Data ->
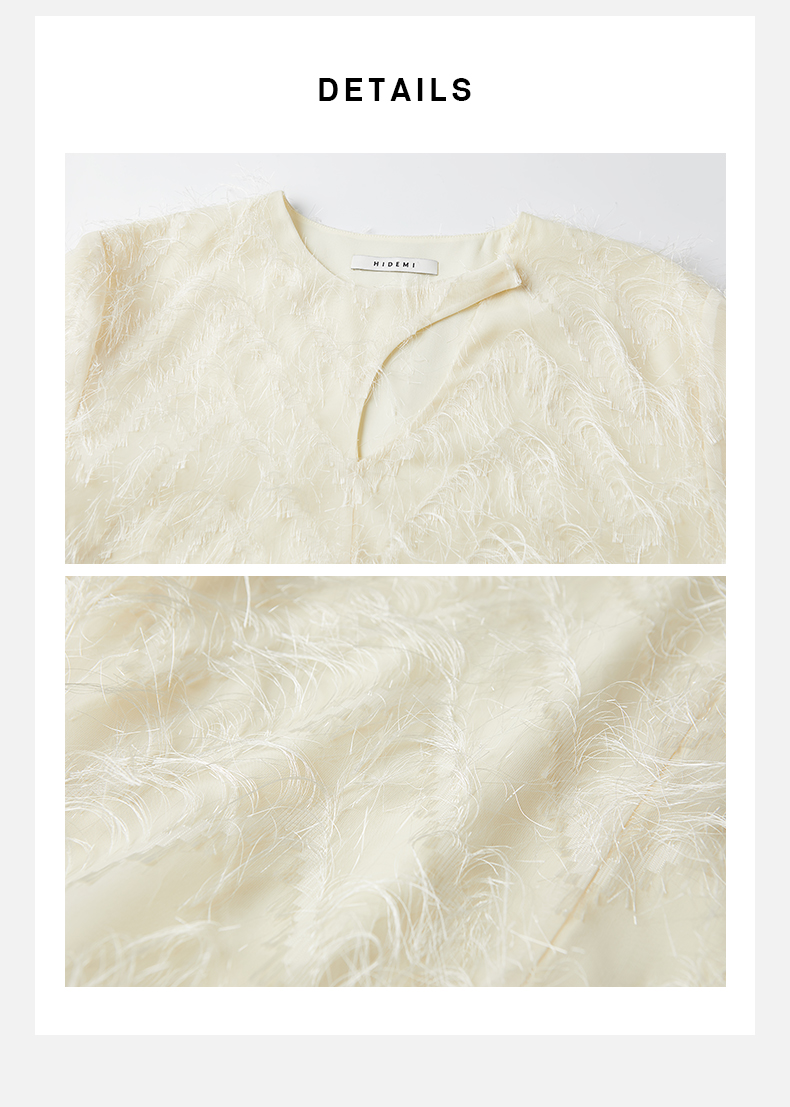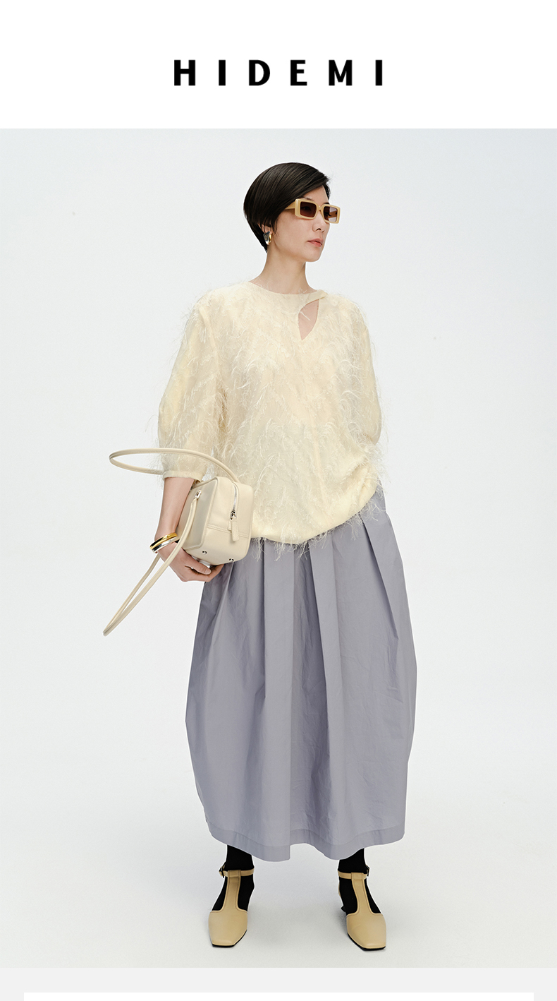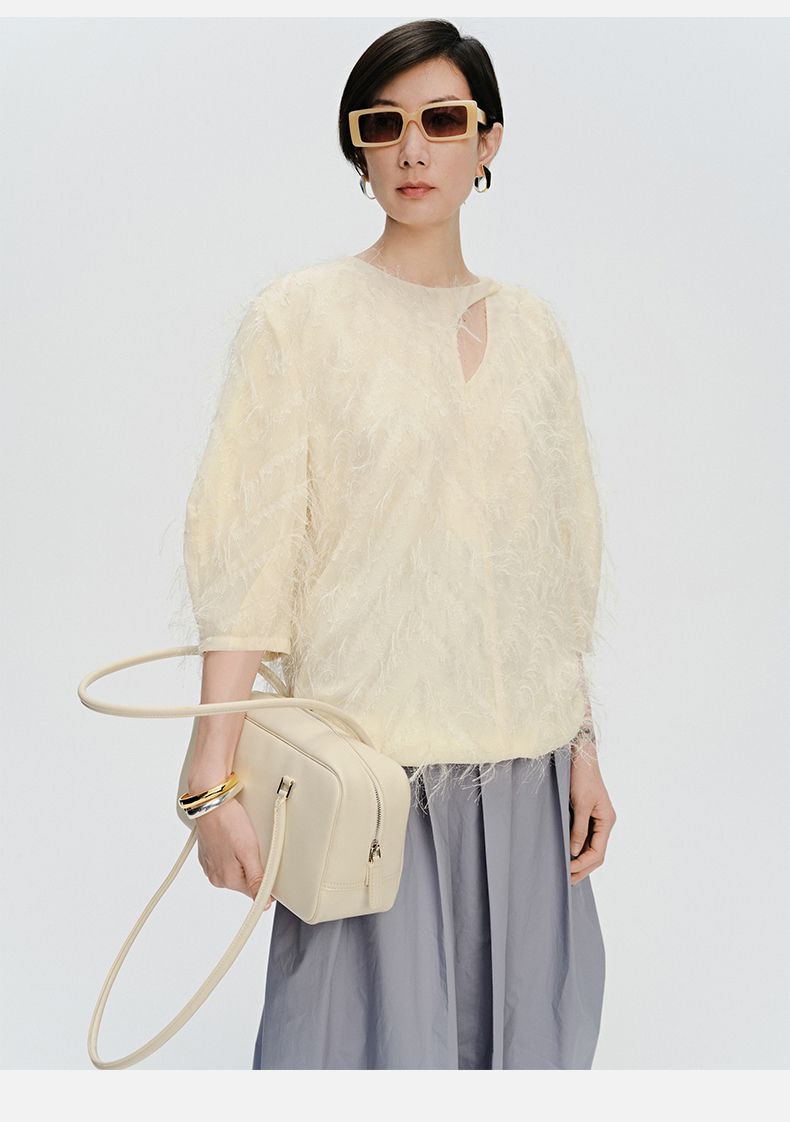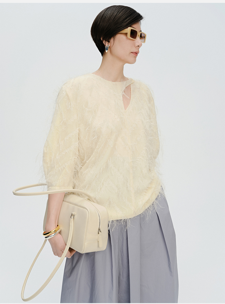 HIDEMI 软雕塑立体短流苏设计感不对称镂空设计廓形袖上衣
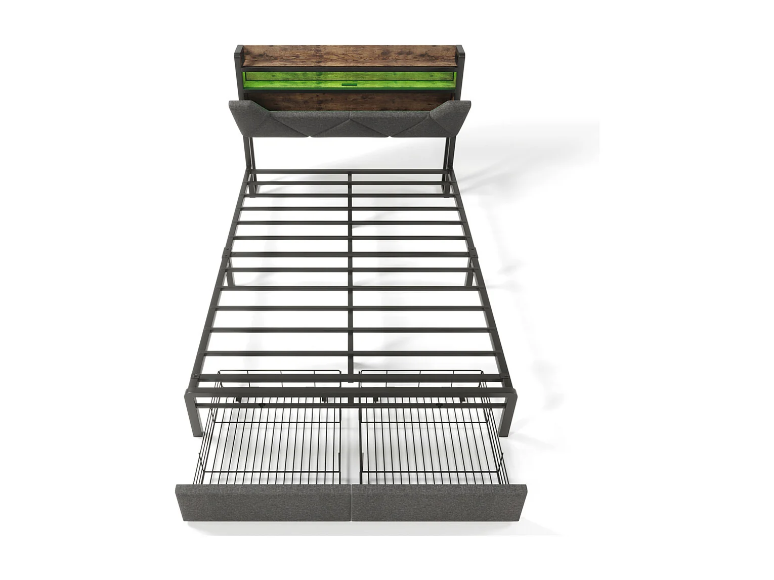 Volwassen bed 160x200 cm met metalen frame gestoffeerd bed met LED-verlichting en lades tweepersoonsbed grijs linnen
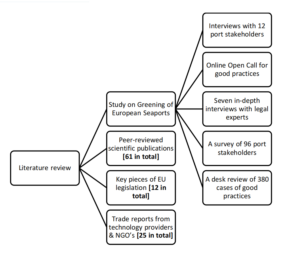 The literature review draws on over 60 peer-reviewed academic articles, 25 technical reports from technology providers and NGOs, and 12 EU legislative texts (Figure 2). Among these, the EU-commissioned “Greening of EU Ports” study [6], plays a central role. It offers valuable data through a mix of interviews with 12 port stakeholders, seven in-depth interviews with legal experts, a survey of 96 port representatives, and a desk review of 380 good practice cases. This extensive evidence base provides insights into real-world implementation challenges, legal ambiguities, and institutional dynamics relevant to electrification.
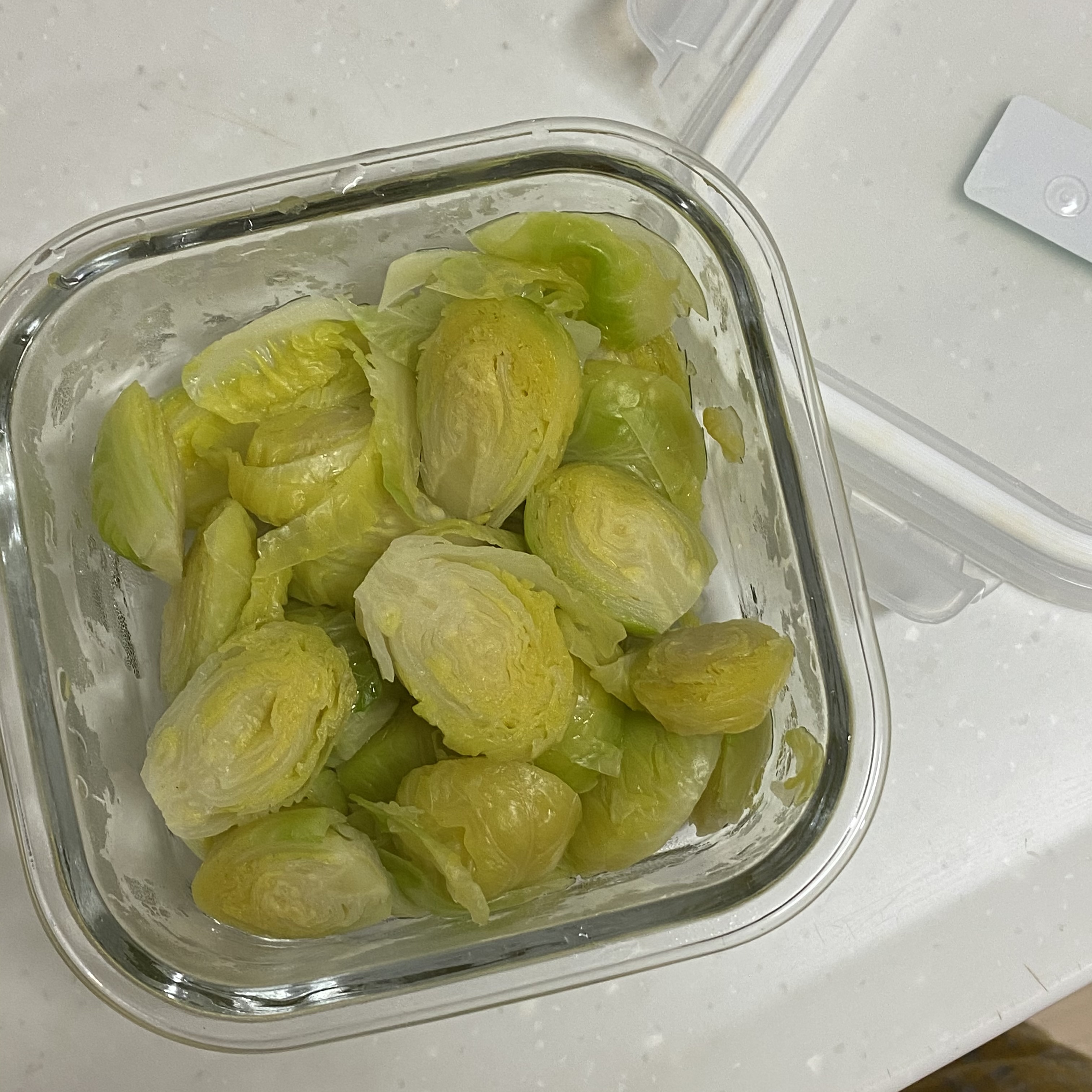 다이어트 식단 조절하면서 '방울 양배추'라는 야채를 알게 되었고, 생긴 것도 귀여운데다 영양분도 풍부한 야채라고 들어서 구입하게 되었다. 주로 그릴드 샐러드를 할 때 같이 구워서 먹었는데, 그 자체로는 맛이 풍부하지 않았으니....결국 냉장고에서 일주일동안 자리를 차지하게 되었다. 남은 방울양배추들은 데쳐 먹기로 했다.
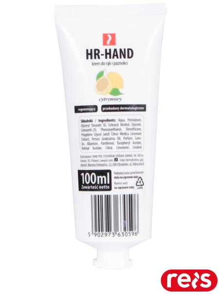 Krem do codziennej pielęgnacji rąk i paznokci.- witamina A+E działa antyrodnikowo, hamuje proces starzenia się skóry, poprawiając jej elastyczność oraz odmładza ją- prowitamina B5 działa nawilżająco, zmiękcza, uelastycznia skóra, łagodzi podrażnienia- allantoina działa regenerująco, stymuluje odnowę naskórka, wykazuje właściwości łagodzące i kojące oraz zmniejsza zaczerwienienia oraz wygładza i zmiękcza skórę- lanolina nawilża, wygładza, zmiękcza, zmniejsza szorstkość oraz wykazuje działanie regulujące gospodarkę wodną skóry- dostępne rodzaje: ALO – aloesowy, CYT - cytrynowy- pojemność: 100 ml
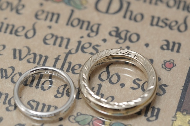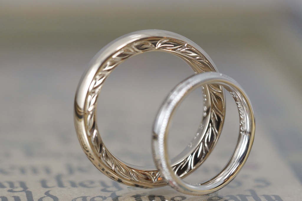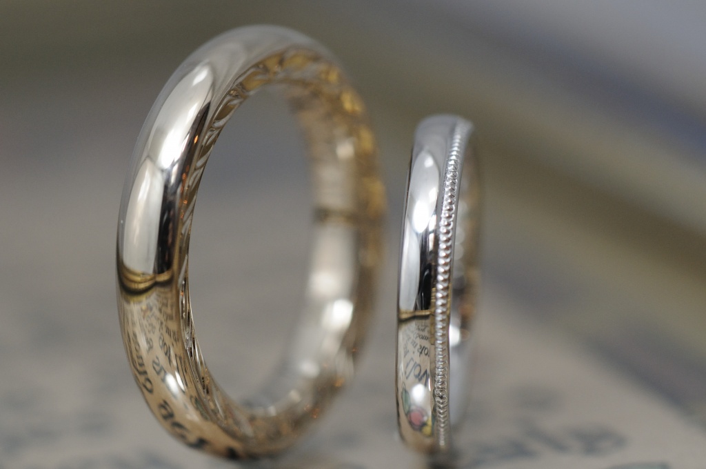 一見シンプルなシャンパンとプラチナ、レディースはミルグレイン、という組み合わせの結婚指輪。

Exercise ->
The data above should be repeated exactly, minus any pictures.

Answer for the task ->
 HIDEMI 软雕塑立体短流苏设计感不对称镂空设计廓形袖上衣
 Volwassen bed 160x200 cm met metalen frame gestoffeerd bed met LED-verlichting en lades tweepersoonsbed grijs linnen
 The literature review draws on over 60 peer-reviewed academic articles, 25 technical reports from technology providers and NGOs, and 12 EU legislative texts (Figure 2). Among these, the EU-commissioned “Greening of EU Ports” study [6], plays a central role. It offers valuable data through a mix of interviews with 12 port stakeholders, seven in-depth interviews with legal experts, a survey of 96 port representatives, and a desk review of 380 good practice cases. This extensive evidence base provides insights into real-world implementation challenges, legal ambiguities, and institutional dynamics relevant to electrification.
 다이어트 식단 조절하면서 '방울 양배추'라는 야채를 알게 되었고, 생긴 것도 귀여운데다 영양분도 풍부한 야채라고 들어서 구입하게 되었다. 주로 그릴드 샐러드를 할 때 같이 구워서 먹었는데, 그 자체로는 맛이 풍부하지 않았으니....결국 냉장고에서 일주일동안 자리를 차지하게 되었다. 남은 방울양배추들은 데쳐 먹기로 했다.
 Krem do codziennej pielęgnacji rąk i paznokci.- witamina A+E działa antyrodnikowo, hamuje proces starzenia się skóry, poprawiając jej elastyczność oraz odmładza ją- prowitamina B5 działa nawilżająco, zmiękcza, uelastycznia skóra, łagodzi podrażnienia- allantoina działa regenerująco, stymuluje odnowę naskórka, wykazuje właściwości łagodzące i kojące oraz zmniejsza zaczerwienienia oraz wygładza i zmiękcza skórę- lanolina nawilża, wygładza, zmiękcza, zmniejsza szorstkość oraz wykazuje działanie regulujące gospodarkę wodną skóry- dostępne rodzaje: ALO – aloesowy, CYT - cytrynowy- pojemność: 100 ml
 一見シンプルなシャンパンとプラチナ、レディースはミルグレイン、という組み合わせの結婚指輪。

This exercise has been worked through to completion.